What the task requires:
Drop the pictures, then extract the listing word for word.

Dataset extract:
━━━━━━━━━━━━━━━━

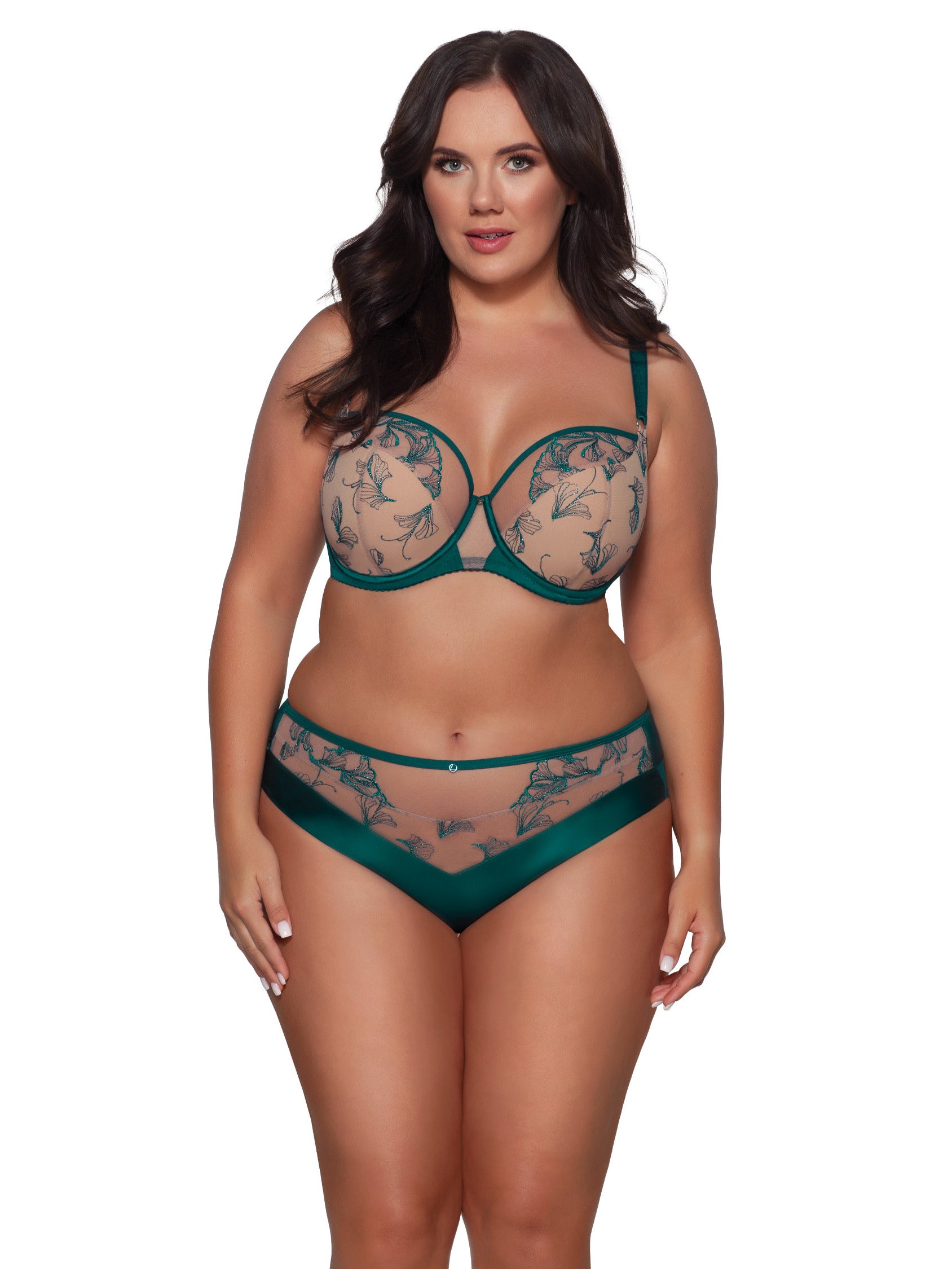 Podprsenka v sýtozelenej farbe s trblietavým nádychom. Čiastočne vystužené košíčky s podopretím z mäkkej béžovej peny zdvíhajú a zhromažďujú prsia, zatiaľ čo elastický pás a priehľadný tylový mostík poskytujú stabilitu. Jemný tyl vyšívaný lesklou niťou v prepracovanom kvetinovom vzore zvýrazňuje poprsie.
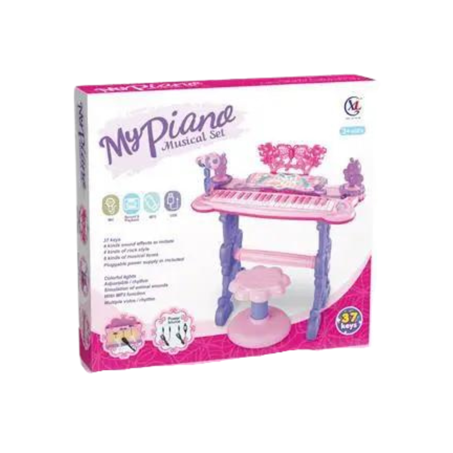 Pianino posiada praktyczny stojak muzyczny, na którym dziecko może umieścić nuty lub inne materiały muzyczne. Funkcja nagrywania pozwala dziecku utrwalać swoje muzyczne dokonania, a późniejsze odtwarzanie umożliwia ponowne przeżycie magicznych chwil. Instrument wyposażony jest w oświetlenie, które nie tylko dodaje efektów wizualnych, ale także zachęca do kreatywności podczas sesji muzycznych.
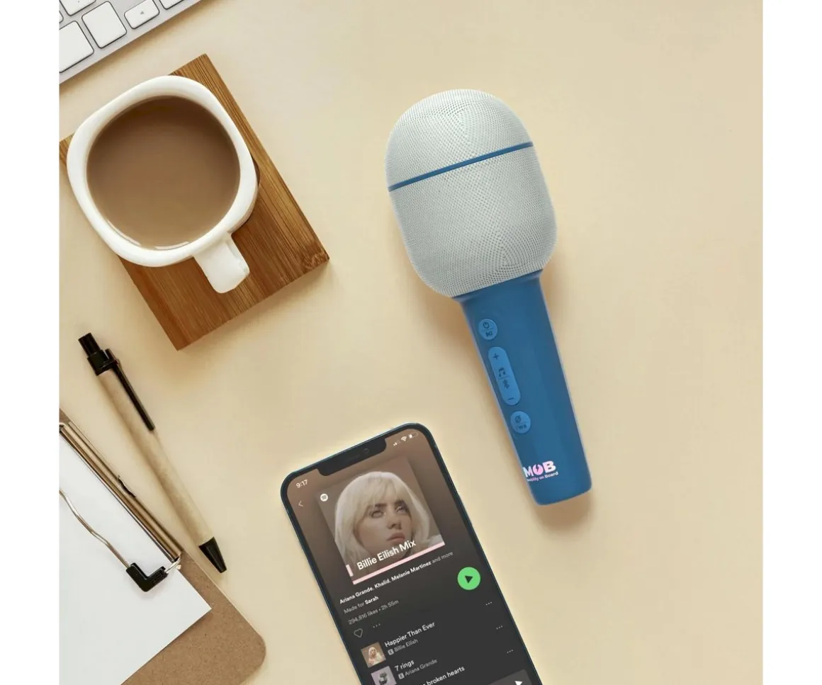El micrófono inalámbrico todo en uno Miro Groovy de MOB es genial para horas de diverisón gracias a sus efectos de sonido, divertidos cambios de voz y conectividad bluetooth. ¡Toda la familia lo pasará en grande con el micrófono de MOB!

━━━━━━━━━━━━━━━━

Output of the exercise:
 Podprsenka v sýtozelenej farbe s trblietavým nádychom. Čiastočne vystužené košíčky s podopretím z mäkkej béžovej peny zdvíhajú a zhromažďujú prsia, zatiaľ čo elastický pás a priehľadný tylový mostík poskytujú stabilitu. Jemný tyl vyšívaný lesklou niťou v prepracovanom kvetinovom vzore zvýrazňuje poprsie.
 Pianino posiada praktyczny stojak muzyczny, na którym dziecko może umieścić nuty lub inne materiały muzyczne. Funkcja nagrywania pozwala dziecku utrwalać swoje muzyczne dokonania, a późniejsze odtwarzanie umożliwia ponowne przeżycie magicznych chwil. Instrument wyposażony jest w oświetlenie, które nie tylko dodaje efektów wizualnych, ale także zachęca do kreatywności podczas sesji muzycznych.
El micrófono inalámbrico todo en uno Miro Groovy de MOB es genial para horas de diverisón gracias a sus efectos de sonido, divertidos cambios de voz y conectividad bluetooth. ¡Toda la familia lo pasará en grande con el micrófono de MOB!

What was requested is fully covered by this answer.